> **WORK REQUIRED**
Search the data for the string "Radolfzell" and extract every line where it appears.

*** Opening ENTRIES SHOWN ***

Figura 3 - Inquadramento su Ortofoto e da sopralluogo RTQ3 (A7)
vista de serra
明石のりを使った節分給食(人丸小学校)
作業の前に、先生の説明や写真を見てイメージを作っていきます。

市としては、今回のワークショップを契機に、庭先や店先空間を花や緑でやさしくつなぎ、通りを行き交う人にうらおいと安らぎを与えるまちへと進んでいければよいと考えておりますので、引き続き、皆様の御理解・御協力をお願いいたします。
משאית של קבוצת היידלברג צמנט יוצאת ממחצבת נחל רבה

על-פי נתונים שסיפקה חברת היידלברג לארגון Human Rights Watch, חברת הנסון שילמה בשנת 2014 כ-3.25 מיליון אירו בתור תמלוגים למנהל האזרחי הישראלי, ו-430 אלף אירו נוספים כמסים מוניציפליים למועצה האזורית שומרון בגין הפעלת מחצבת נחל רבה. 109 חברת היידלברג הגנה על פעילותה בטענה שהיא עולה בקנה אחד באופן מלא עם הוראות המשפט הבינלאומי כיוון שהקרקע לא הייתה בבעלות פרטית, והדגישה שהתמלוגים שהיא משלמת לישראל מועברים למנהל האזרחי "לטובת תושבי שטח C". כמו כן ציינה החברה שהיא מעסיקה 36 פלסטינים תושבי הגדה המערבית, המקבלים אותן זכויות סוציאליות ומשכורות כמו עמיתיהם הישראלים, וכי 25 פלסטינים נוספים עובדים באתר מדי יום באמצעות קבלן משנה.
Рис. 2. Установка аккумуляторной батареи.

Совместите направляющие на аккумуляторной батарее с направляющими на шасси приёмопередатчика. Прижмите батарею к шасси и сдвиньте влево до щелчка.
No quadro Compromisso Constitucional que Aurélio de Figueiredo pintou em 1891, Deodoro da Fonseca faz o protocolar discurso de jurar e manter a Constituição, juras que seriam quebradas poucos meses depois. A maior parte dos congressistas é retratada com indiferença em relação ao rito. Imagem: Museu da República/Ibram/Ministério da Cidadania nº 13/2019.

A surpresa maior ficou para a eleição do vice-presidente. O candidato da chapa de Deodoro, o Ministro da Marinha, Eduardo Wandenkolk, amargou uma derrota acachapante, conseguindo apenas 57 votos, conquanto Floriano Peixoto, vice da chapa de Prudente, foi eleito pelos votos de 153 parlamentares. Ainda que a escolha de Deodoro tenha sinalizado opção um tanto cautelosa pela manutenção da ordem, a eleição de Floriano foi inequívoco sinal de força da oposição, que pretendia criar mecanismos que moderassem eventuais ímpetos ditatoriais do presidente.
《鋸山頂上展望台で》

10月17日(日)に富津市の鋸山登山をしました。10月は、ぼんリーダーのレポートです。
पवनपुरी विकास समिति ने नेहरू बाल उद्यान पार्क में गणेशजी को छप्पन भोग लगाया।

*** Closing ENTRIES SHOWN ***
*** Opening ENTRIES SHOWN ***

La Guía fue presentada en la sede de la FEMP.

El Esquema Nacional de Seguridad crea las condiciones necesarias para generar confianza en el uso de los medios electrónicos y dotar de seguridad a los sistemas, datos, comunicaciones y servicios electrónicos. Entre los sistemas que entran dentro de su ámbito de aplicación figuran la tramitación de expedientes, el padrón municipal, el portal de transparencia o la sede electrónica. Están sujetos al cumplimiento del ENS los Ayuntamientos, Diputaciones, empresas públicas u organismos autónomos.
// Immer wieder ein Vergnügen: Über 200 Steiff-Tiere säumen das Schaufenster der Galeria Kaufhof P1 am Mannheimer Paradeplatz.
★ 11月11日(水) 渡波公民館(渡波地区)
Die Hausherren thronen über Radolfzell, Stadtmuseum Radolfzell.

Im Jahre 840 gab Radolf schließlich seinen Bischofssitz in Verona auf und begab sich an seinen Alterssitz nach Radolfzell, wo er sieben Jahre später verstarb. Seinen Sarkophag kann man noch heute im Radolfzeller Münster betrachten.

*** Closing ENTRIES SHOWN ***

> **RESPONSE AREA**
Die Hausherren thronen über Radolfzell, Stadtmuseum Radolfzell.
Im Jahre 840 gab Radolf schließlich seinen Bischofssitz in Verona auf und begab sich an seinen Alterssitz nach Radolfzell, wo er sieben Jahre später verstarb. Seinen Sarkophag kann man noch heute im Radolfzeller Münster betrachten.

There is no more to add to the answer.